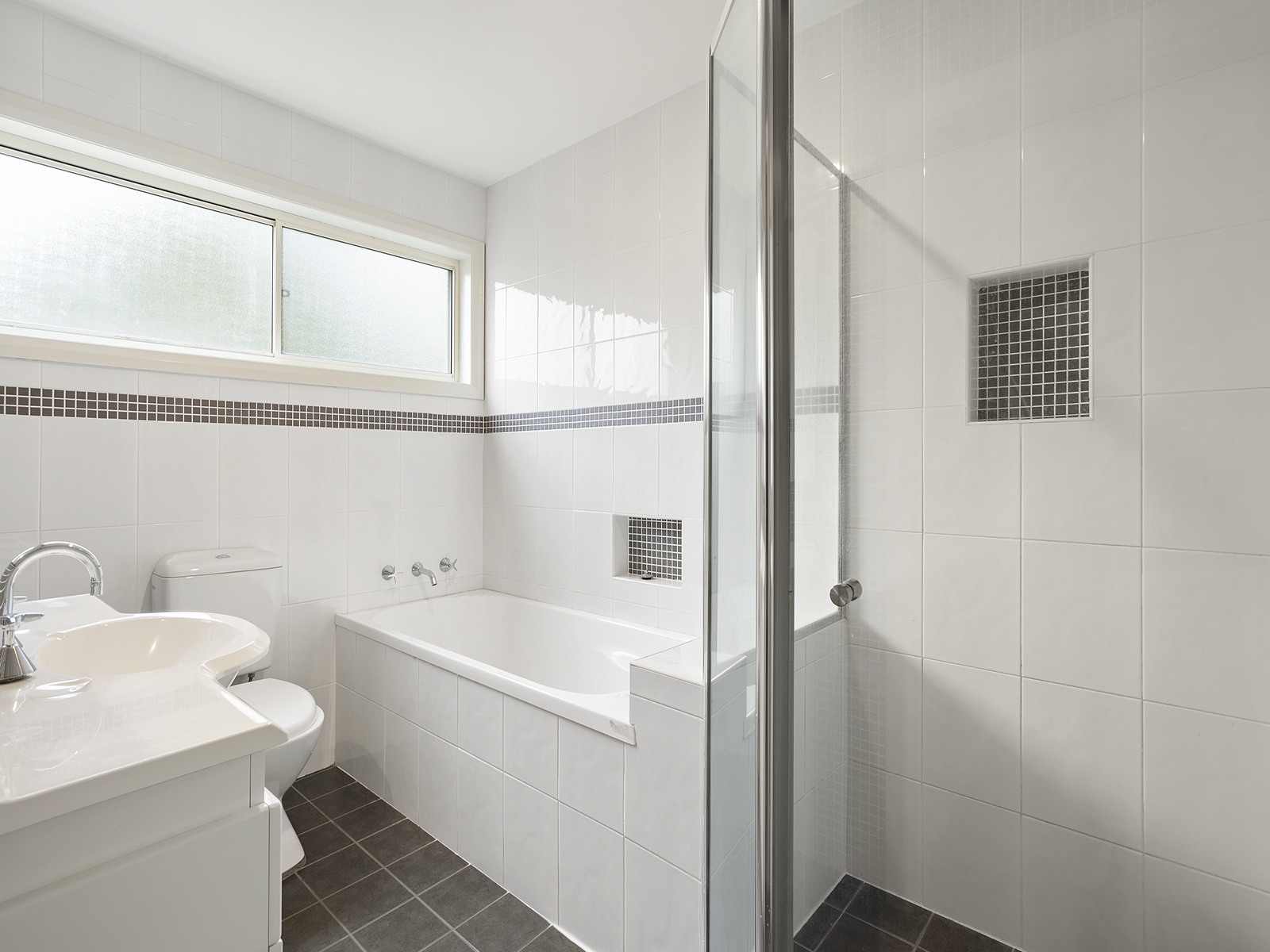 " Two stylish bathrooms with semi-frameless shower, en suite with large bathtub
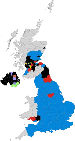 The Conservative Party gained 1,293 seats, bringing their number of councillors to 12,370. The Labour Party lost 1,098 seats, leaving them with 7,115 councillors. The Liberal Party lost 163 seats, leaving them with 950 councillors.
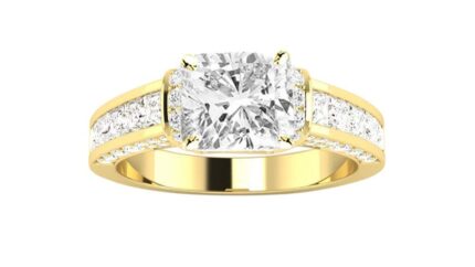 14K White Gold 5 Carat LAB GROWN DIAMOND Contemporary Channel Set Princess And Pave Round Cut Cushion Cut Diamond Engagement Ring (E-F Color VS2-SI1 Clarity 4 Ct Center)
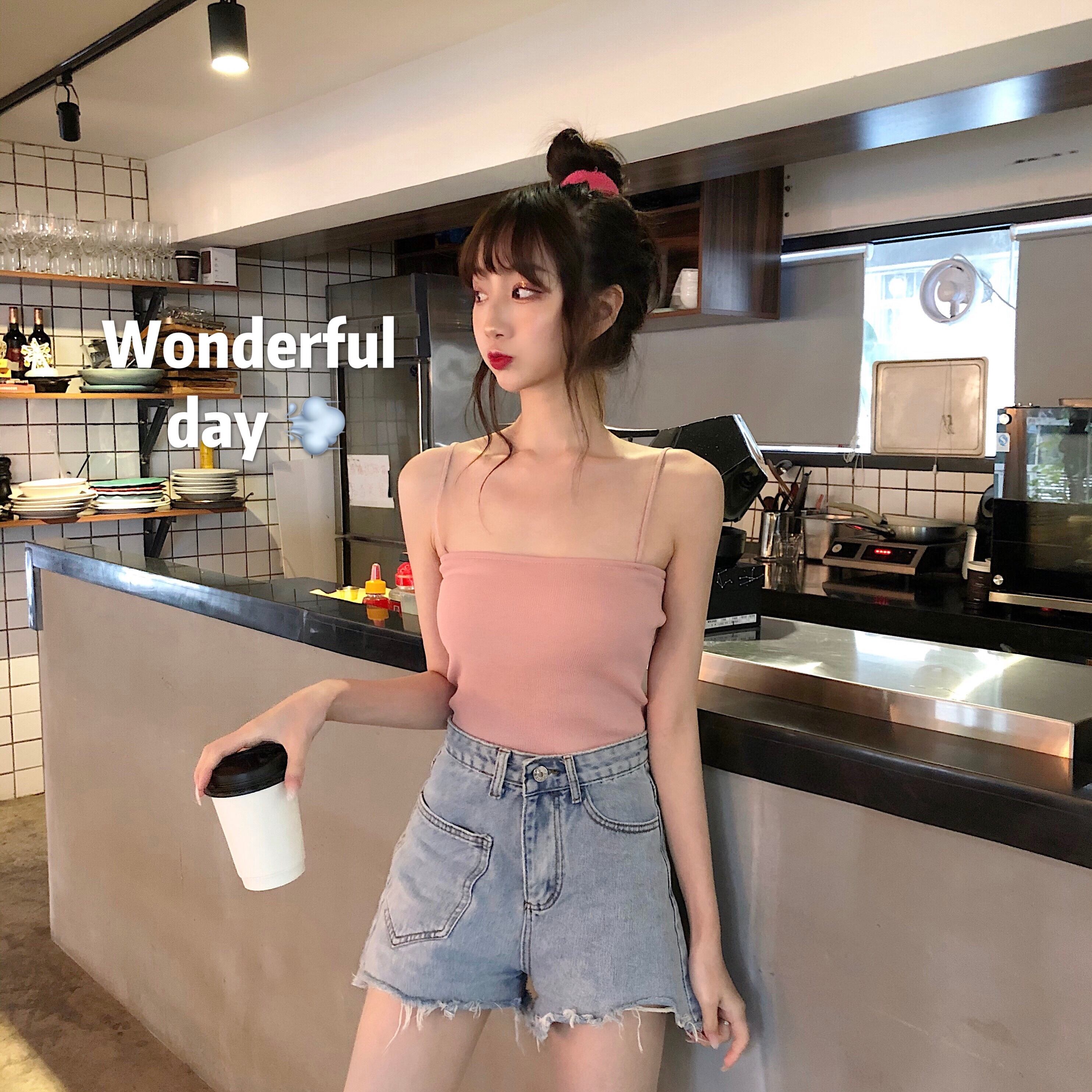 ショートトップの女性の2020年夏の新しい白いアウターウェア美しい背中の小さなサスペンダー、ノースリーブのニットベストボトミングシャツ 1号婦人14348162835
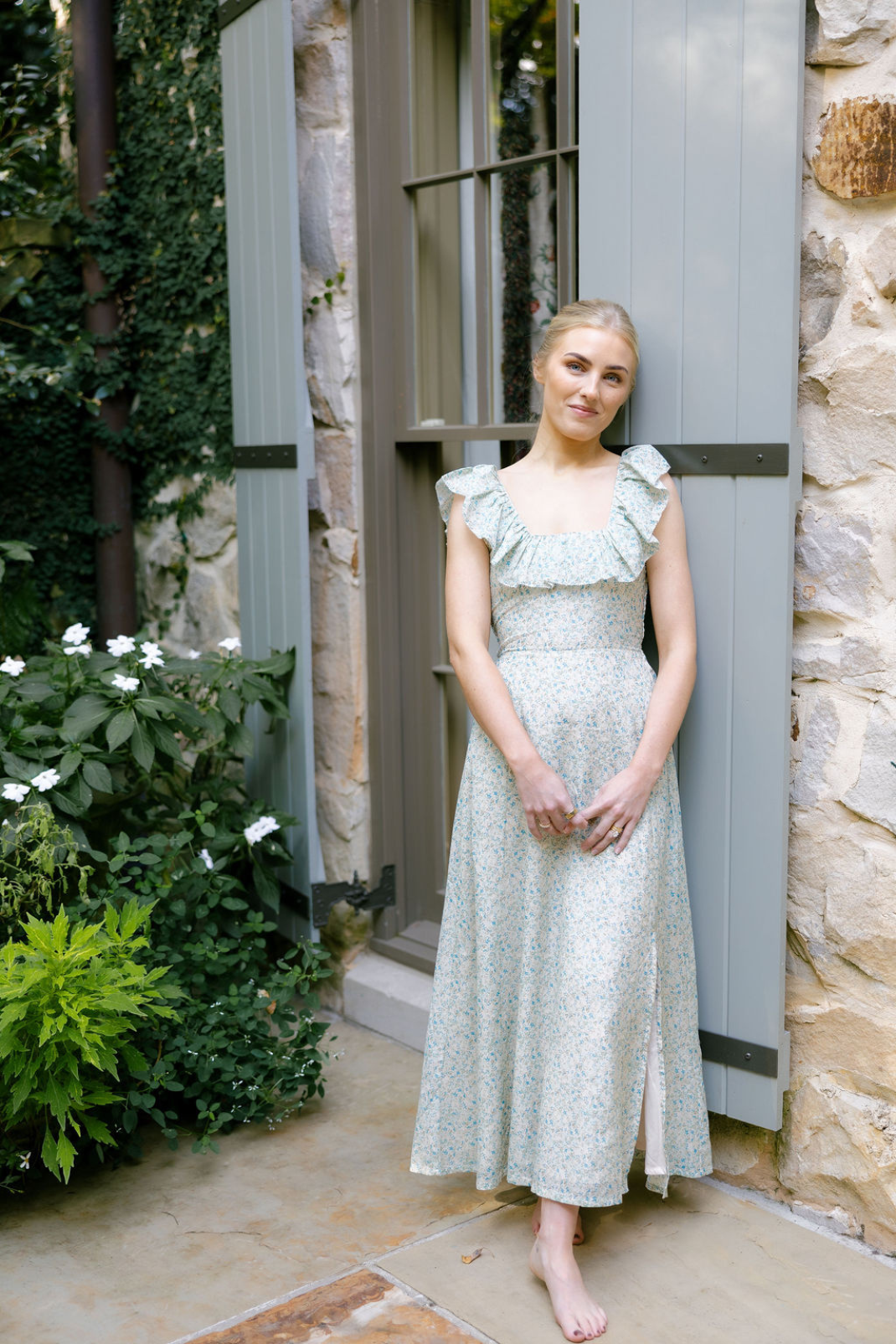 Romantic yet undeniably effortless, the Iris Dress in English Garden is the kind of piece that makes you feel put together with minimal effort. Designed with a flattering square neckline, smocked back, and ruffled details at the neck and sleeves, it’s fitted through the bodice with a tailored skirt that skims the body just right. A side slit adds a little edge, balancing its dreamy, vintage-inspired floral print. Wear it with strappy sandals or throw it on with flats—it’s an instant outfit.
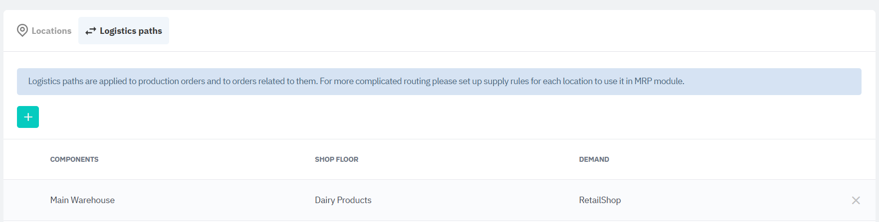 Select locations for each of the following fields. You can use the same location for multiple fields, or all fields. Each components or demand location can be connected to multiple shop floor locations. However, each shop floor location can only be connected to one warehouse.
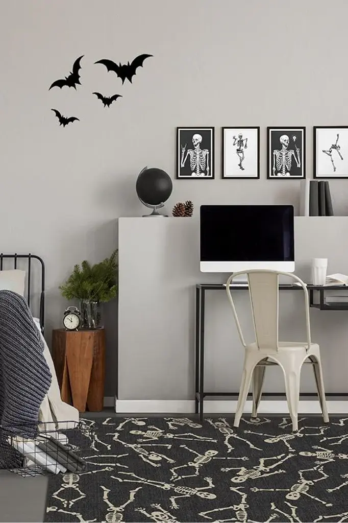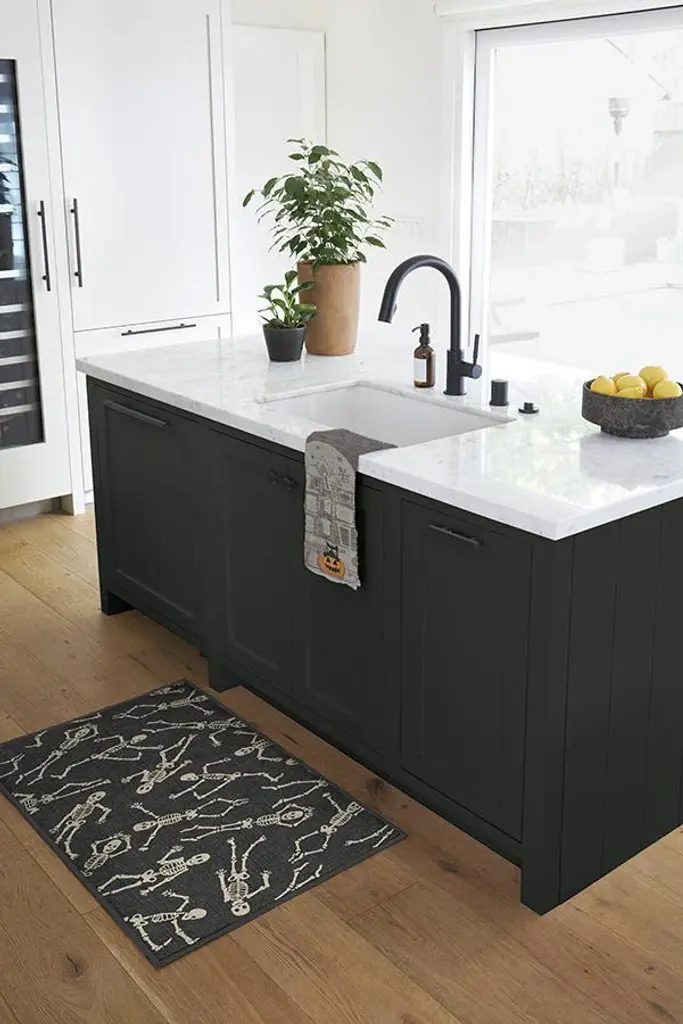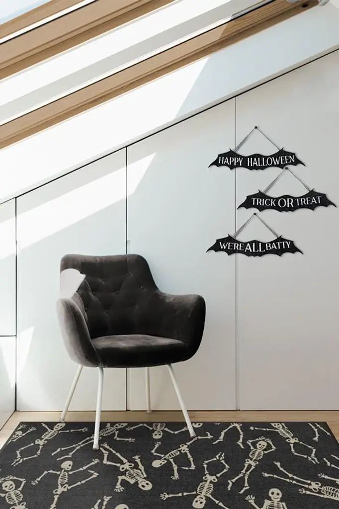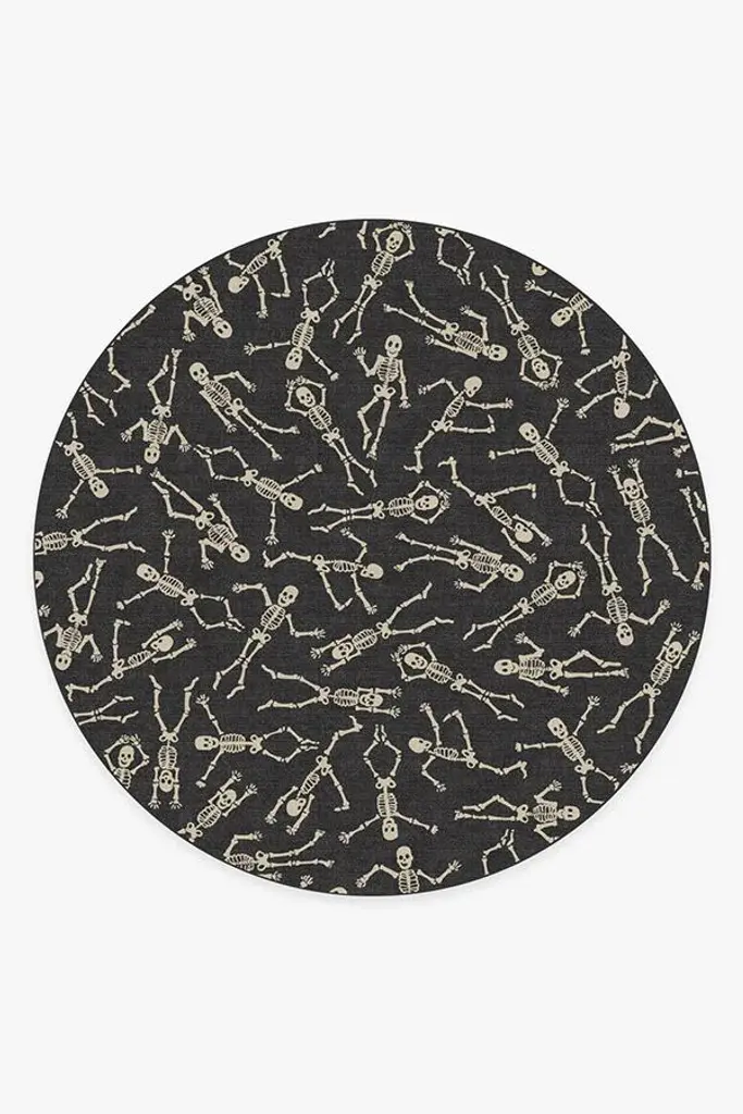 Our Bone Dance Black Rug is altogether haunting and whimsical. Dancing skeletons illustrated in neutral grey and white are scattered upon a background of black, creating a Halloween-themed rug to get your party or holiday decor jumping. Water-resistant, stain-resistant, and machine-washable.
-=-=-=-=-
Exercise details:
The result should be an exact repetition of all the records. Drop the pictures.

Result of this task:
 " Two stylish bathrooms with semi-frameless shower, en suite with large bathtub
 The Conservative Party gained 1,293 seats, bringing their number of councillors to 12,370. The Labour Party lost 1,098 seats, leaving them with 7,115 councillors. The Liberal Party lost 163 seats, leaving them with 950 councillors.
 14K White Gold 5 Carat LAB GROWN DIAMOND Contemporary Channel Set Princess And Pave Round Cut Cushion Cut Diamond Engagement Ring (E-F Color VS2-SI1 Clarity 4 Ct Center)
 ショートトップの女性の2020年夏の新しい白いアウターウェア美しい背中の小さなサスペンダー、ノースリーブのニットベストボトミングシャツ 1号婦人14348162835
 Romantic yet undeniably effortless, the Iris Dress in English Garden is the kind of piece that makes you feel put together with minimal effort. Designed with a flattering square neckline, smocked back, and ruffled details at the neck and sleeves, it’s fitted through the bodice with a tailored skirt that skims the body just right. A side slit adds a little edge, balancing its dreamy, vintage-inspired floral print. Wear it with strappy sandals or throw it on with flats—it’s an instant outfit.
 Select locations for each of the following fields. You can use the same location for multiple fields, or all fields. Each components or demand location can be connected to multiple shop floor locations. However, each shop floor location can only be connected to one warehouse.
 Our Bone Dance Black Rug is altogether haunting and whimsical. Dancing skeletons illustrated in neutral grey and white are scattered upon a background of black, creating a Halloween-themed rug to get your party or holiday decor jumping. Water-resistant, stain-resistant, and machine-washable.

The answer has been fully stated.